EXERCISE DATA —
◆ ◆ ◆ ◆
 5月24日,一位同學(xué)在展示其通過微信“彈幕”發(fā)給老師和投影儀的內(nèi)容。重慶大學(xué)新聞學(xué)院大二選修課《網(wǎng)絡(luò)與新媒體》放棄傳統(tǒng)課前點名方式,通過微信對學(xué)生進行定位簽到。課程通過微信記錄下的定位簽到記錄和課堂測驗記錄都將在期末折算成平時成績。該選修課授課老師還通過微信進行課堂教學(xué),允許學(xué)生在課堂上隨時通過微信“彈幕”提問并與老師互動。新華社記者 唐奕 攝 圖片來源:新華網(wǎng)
◆ ◆ ◆ ◆
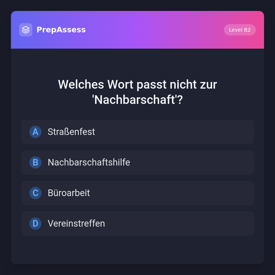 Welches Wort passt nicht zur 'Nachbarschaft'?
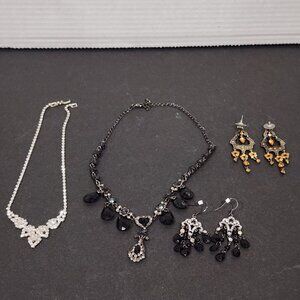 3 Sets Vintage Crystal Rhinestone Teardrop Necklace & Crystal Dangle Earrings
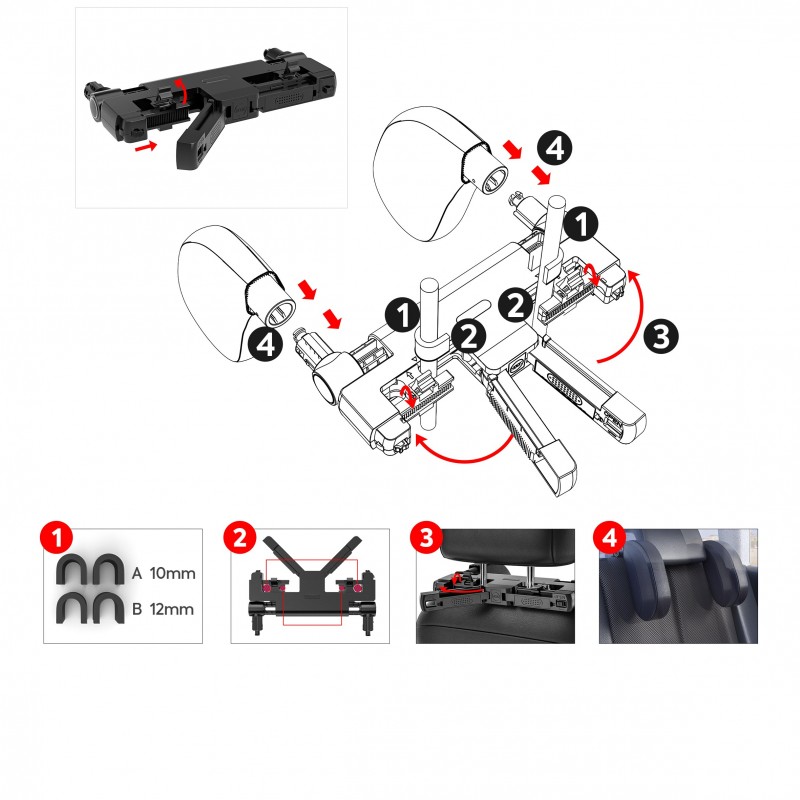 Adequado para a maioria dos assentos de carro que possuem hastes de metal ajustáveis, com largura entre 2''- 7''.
◆ ◆ ◆ ◆
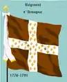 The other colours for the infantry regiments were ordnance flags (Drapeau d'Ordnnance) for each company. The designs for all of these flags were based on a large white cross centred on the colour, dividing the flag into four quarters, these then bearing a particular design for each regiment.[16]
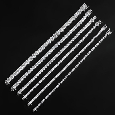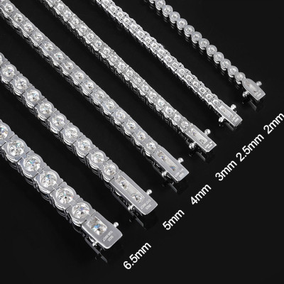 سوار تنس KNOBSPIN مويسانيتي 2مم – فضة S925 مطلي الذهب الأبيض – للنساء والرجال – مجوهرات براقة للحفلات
◆ ◆ ◆ ◆
TASK BRIEF — Each line from the one that contains "The other colours" down to the one that contains "سوار تنس KNOBSPIN" is to be returned exactly as it stands above, both ends included, with pictures removed.

RESPONSE —
 The other colours for the infantry regiments were ordnance flags (Drapeau d'Ordnnance) for each company. The designs for all of these flags were based on a large white cross centred on the colour, dividing the flag into four quarters, these then bearing a particular design for each regiment.[16]
 سوار تنس KNOBSPIN مويسانيتي 2مم – فضة S925 مطلي الذهب الأبيض – للنساء والرجال – مجوهرات براقة للحفلات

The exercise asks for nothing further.